[TritonGPU] Fix layout error after hoisting convert over ext/broadcast (#7058)

davidberard98 · web-flow · commit 919c9d2ef0ac · 2025-06-06T13:22:17.000-07:00
Fixes pytorch/pytorch#154933 In the above issue, `hoistConvertOnTopOfExtOrBroadcast` produces an invalid graph and errors out: a `tt.expand_dims` expects an input with a blocked layout, but the actual input `tt.make_range` has a linear layout. The hoistConvertOnTopOfExtOrBroadcast works like this: 1. find a backward slice from the convert op, stopping at any extension/broadcast ops 2. from the boundary of convert ops found in step 1, find backward slices from _those_ ops. In step 1 and each iteration of step 2, `getConvertBackwardSlice` will return `failure()` if the graph traversal identifies two conflicting layout assignments for the same value. However, the bug is that two separate `getConvertBackwardSlice` iterations from step 2 may identify conflicting layout assignments for the same value, and this case was previously not checked.

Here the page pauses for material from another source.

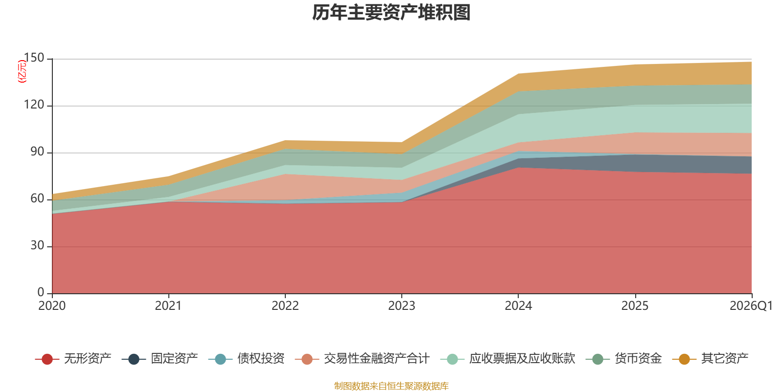 资产重大变化方面,截至2026年一季度末,公司无形资产较上年末减少1.49%,占公司总资产比重下降1.4个百分点;交易性金融资产合计较上年末增加9.07%,占公司总资产比重上升0.73个百分点;应收票据及应收账款较上年末增加6.72%,占公司总资产比重上升0.66个百分点;债权投资较上年末减少100%,占公司总资产比重下降0.21个百分点。

diff --git a/lib/Dialect/TritonGPU/Transforms/RemoveLayoutConversions.cpp b/lib/Dialect/TritonGPU/Transforms/RemoveLayoutConversions.cpp
@@ -1399,6 +1399,19 @@ void LayoutRematerialization::hoistConvertOnTopOfExtOrBroadcast(
         return;
       LogicalResult result = getRematerializableSlice(
           op->getOpOperand(0), srcEncoding, tempSlice, tempLayout);
+
+      // If a value is already assigned to a _different_ layout,
+      // we cannot propagate past this op (as it would conflict with
+      // an already-assigned layout).
+      for (auto [val, enc] : tempLayout) {
+        auto preexistingLayout = layout.find(val);
+        if (preexistingLayout != layout.end() &&
+            preexistingLayout->second != enc) {
+          result = failure();
+          break;
+        }
+      }
+
       // If we can rematerialize the rest of the ext slice we can ignore this
       // ext as it won't need a convert.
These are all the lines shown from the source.